*Activity:* Only one span is wanted from the lines below: from the one with "Ao som da banda" up to and including the one with "Dos meses después". Copy it exactly, without images.

*Dataset records:*

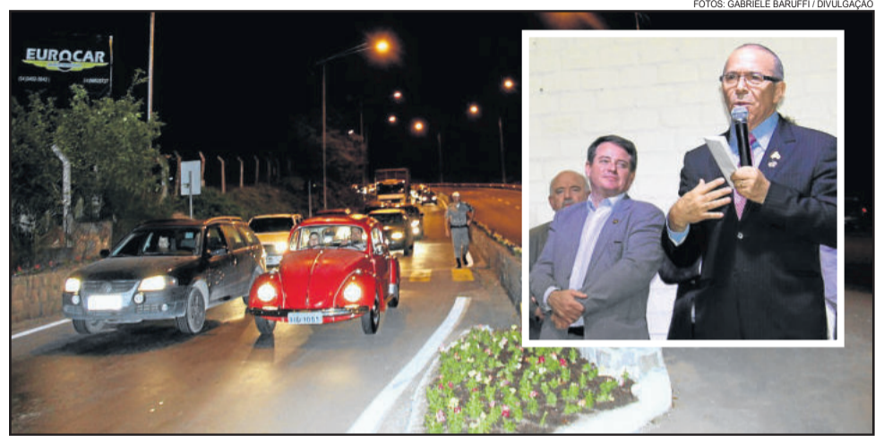
Ministro Eliseu Padilha acionou o novo sistema de iluminação do trevo de acesso ao Município

Ao som da banda marcial da Escola Dante Grossi, as pessoas foram recepcionadas nas proximidades do monumento Giuseppe Garibaldi. Em seu pronunciamento, o prefeito Antonio Cettolin destacou que a revitalização é um marco na história do município e foi possível graças ao apoio do Ministro Eliseu Padilha, quando na época deputado, recebeu o prefeito e viabilizou a destinação dos recursos. “Esta obra de revitalização representa segurança aos garibaldenses e aos visitantes, e integra o pacote de 50 obras que estão sendo realizadas este ano, algumas já realizadas e outras em andamento”.
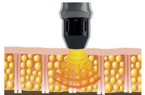
Přenos akustických vln do kůže
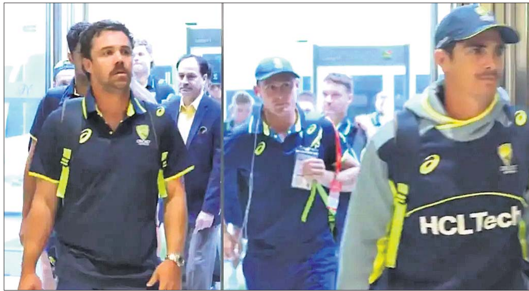
ଚାମ୍ପିୟନ୍ସ ଟ୍ରଫି ଖେଳିବା ଲାଗି ପାକିସ୍ତାନରେ ପହଞ୍ଚିଲା ଅଷ୍ଟ୍ରେଲିଆ ଦଳ ।

ଲାହୋର, ୧୭/୨ (ପି.ଟି.) ଆଇସିସି ଚାମ୍ପିୟନ୍ସ ଟ୍ରଫି ଖେଳିବା ଲାଗି ଅଷ୍ଟ୍ରେଲିଆ କ୍ରିକେଟ ଦଳ ଯୋଗଦାନ ପାକିସ୍ତାନରେ ପହଞ୍ଚିଛି ।
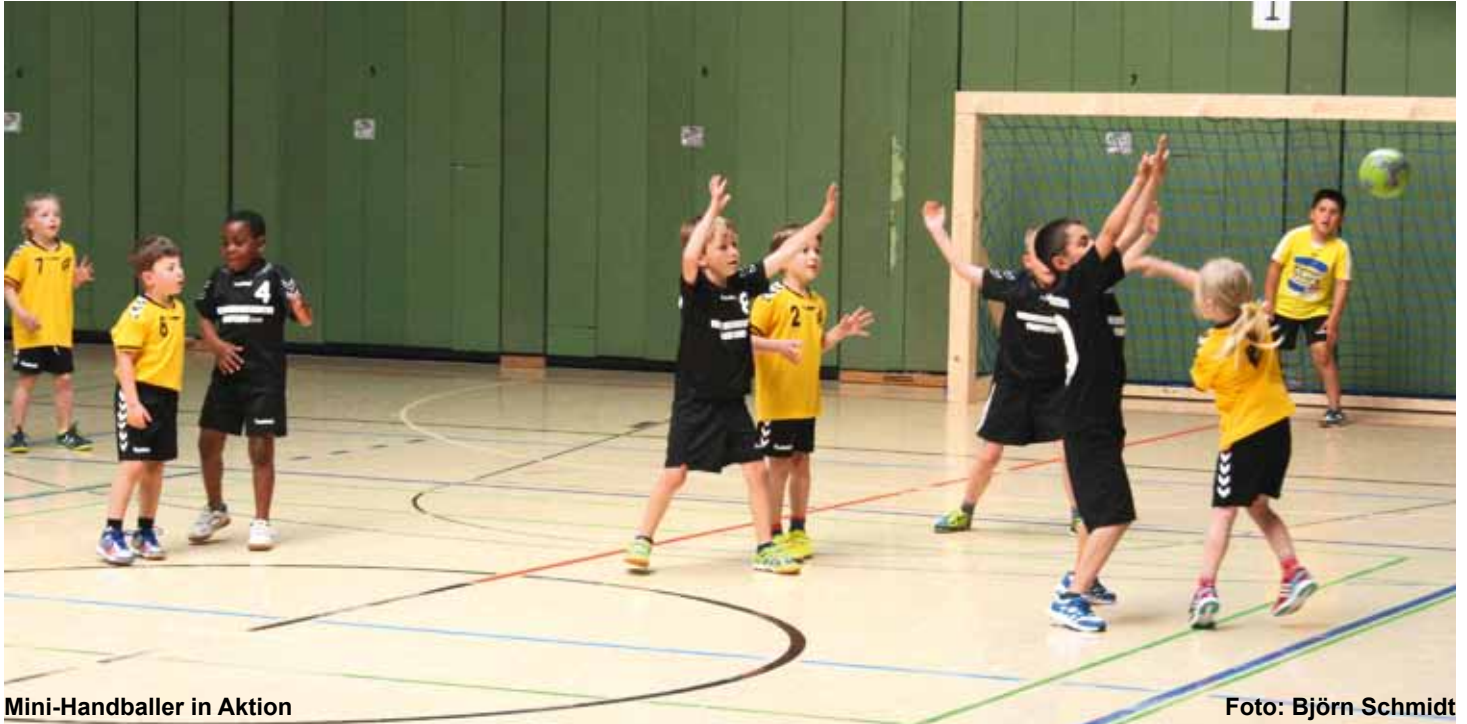
Mini-Handballer in Aktion
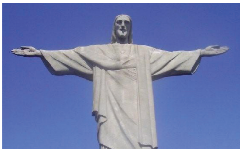
Statue du Christ Rédempteur qui domine Rio de Janeiro

« Je ne vous demande que de Le regarder... Lui ne vous quitte pas des yeux : est-ce beaucoup vous demander que de perdre de vue les choses extérieures pour Le regarder, Lui, de temps en temps ? »
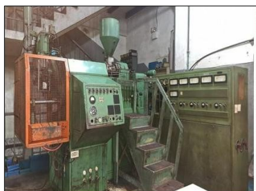
Maquina de soplado Fischer FHB 052 Capacidad de soplado 1 lt. Tambien hay una FHB3000, sopladora de Galon para reparar.
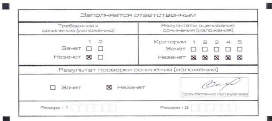
Рис. 7. Область для оценки работы

Эксперт комиссии (ответственное лицо, технический специалист 1 ) выставляет «незачет» за невыполнение требования № 2. В клетки по всем критериям оценивания выставляется «незачет». В поле «Результат проверки сочинения (изложения)» ставится «незачет».
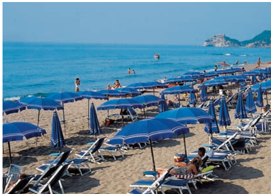
Entspannung am Meer
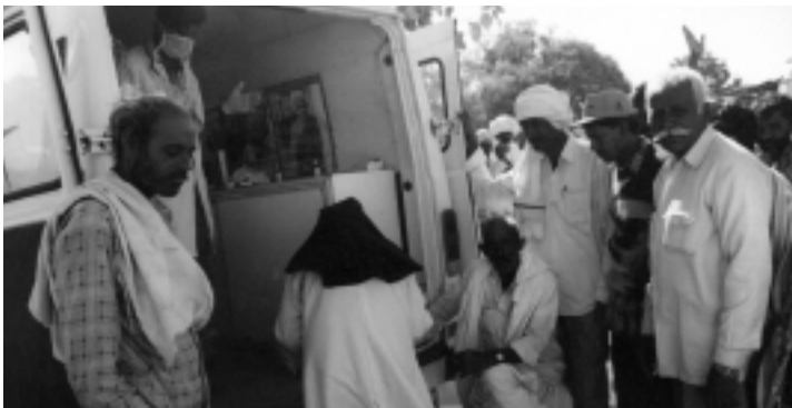
Ayuda en emergencia... una unidad móvil de salud de HelpAge India proporciona atención de salud luego del terremoto de Gujarat.

Dos meses después del terremoto que destruyó partes del Estado indio de Gujarat, la mayoría de las personas mayores de las aldeas más perjudicadas seguían viviendo al aire libre o en refugios temporales.
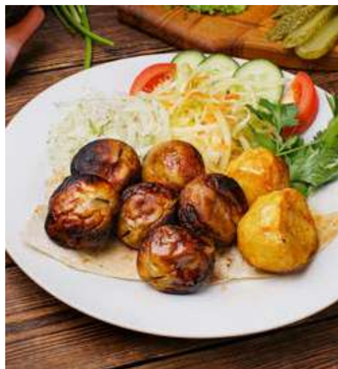
ШАШЛЫК ИЗ ГРИБОВ..... 790.- грибы, лист салата, зелень, 150/50 г

*Output of the exercise:*
Ao som da banda marcial da Escola Dante Grossi, as pessoas foram recepcionadas nas proximidades do monumento Giuseppe Garibaldi. Em seu pronunciamento, o prefeito Antonio Cettolin destacou que a revitalização é um marco na história do município e foi possível graças ao apoio do Ministro Eliseu Padilha, quando na época deputado, recebeu o prefeito e viabilizou a destinação dos recursos. “Esta obra de revitalização representa segurança aos garibaldenses e aos visitantes, e integra o pacote de 50 obras que estão sendo realizadas este ano, algumas já realizadas e outras em andamento”.
Přenos akustických vln do kůže
ଚାମ୍ପିୟନ୍ସ ଟ୍ରଫି ଖେଳିବା ଲାଗି ପାକିସ୍ତାନରେ ପହଞ୍ଚିଲା ଅଷ୍ଟ୍ରେଲିଆ ଦଳ ।

ଲାହୋର, ୧୭/୨ (ପି.ଟି.) ଆଇସିସି ଚାମ୍ପିୟନ୍ସ ଟ୍ରଫି ଖେଳିବା ଲାଗି ଅଷ୍ଟ୍ରେଲିଆ କ୍ରିକେଟ ଦଳ ଯୋଗଦାନ ପାକିସ୍ତାନରେ ପହଞ୍ଚିଛି ।
Mini-Handballer in Aktion
Statue du Christ Rédempteur qui domine Rio de Janeiro

« Je ne vous demande que de Le regarder... Lui ne vous quitte pas des yeux : est-ce beaucoup vous demander que de perdre de vue les choses extérieures pour Le regarder, Lui, de temps en temps ? »
Maquina de soplado Fischer FHB 052 Capacidad de soplado 1 lt. Tambien hay una FHB3000, sopladora de Galon para reparar.
Рис. 7. Область для оценки работы

Эксперт комиссии (ответственное лицо, технический специалист 1 ) выставляет «незачет» за невыполнение требования № 2. В клетки по всем критериям оценивания выставляется «незачет». В поле «Результат проверки сочинения (изложения)» ставится «незачет».
Entspannung am Meer
Ayuda en emergencia... una unidad móvil de salud de HelpAge India proporciona atención de salud luego del terremoto de Gujarat.

Dos meses después del terremoto que destruyó partes del Estado indio de Gujarat, la mayoría de las personas mayores de las aldeas más perjudicadas seguían viviendo al aire libre o en refugios temporales.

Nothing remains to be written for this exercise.